🎉 Hello, World! This is the first release candidate of v0.7.3 for vllm-ascend. Please follow the [official doc](https://vllm-ascend.readthedocs.io/en/v0.7.3-dev) to start the journey.
- Quickstart with container: https://vllm-ascend.readthedocs.io/en/v0.7.3-dev/quick_start.html
- Installation: https://vllm-ascend.readthedocs.io/en/v0.7.3-dev/installation.html
Highlights
- DeepSeek V3/R1 works well now. Read the [official guide](https://vllm-ascend.readthedocs.io/en/v0.7.3-dev/tutorials/multi_node.html) to start! [#242](https://github.com/vllm-project/vllm-ascend/pull/242)
- Speculative decoding feature is supported. [252](https://github.com/vllm-project/vllm-ascend/pull/252)
- Multi step scheduler feature is supported. [300](https://github.com/vllm-project/vllm-ascend/pull/300)
Core
- Bump torch_npu version to dev20250308.3 to improve `_exponential` accuracy
- Added initial support for pooling models. Bert based model, such as `BAAI/bge-base-en-v1.5` and `BAAI/bge-reranker-v2-m3` works now. [229](https://github.com/vllm-project/vllm-ascend/pull/229)
Model
- The performance of Qwen2-VL is improved. [241](https://github.com/vllm-project/vllm-ascend/pull/241)
- MiniCPM is now supported [164](https://github.com/vllm-project/vllm-ascend/pull/164)
Other
- Support MTP(Multi-Token Prediction) for DeepSeek V3/R1 [236](https://github.com/vllm-project/vllm-ascend/pull/236)

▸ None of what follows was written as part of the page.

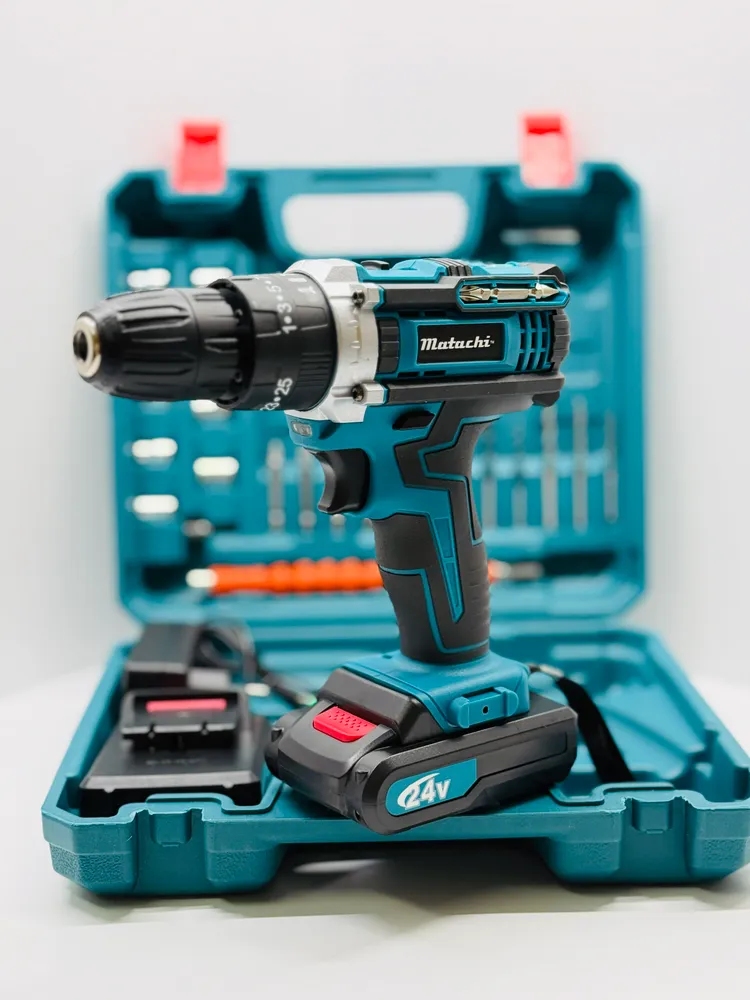 Дрель шуруповерт ударный аккумуляторный, 2 АКБ 24В , 24 насадки и зарядная станция в наборе

- [Docs] Added more model tutorials, include DeepSeek, QwQ, Qwen and Qwen 2.5VL. See the [official doc](https://vllm-ascend.readthedocs.io/en/v0.7.3-dev/tutorials/index.html) for detail
- Pin modelscope<1.23.0 on vLLM v0.7.3 to resolve: https://github.com/vllm-project/vllm/pull/13807
Known issues
- In some cases, expecially when the input/output is very long with VL model, the accuracy of output may be incorrect. You may see many `!` or some other unreadable code in the output. We are working on it. It'll be fixed in the next release.
- Improved and reduced the garbled code in model output. But if you still hit the issue, try to change the gerneration config value, such as `temperature` and try again. Any [feedback](https://github.com/vllm-project/vllm-ascend/issues/267) is welcome. [#277](https://github.com/vllm-project/vllm-ascend/pull/277)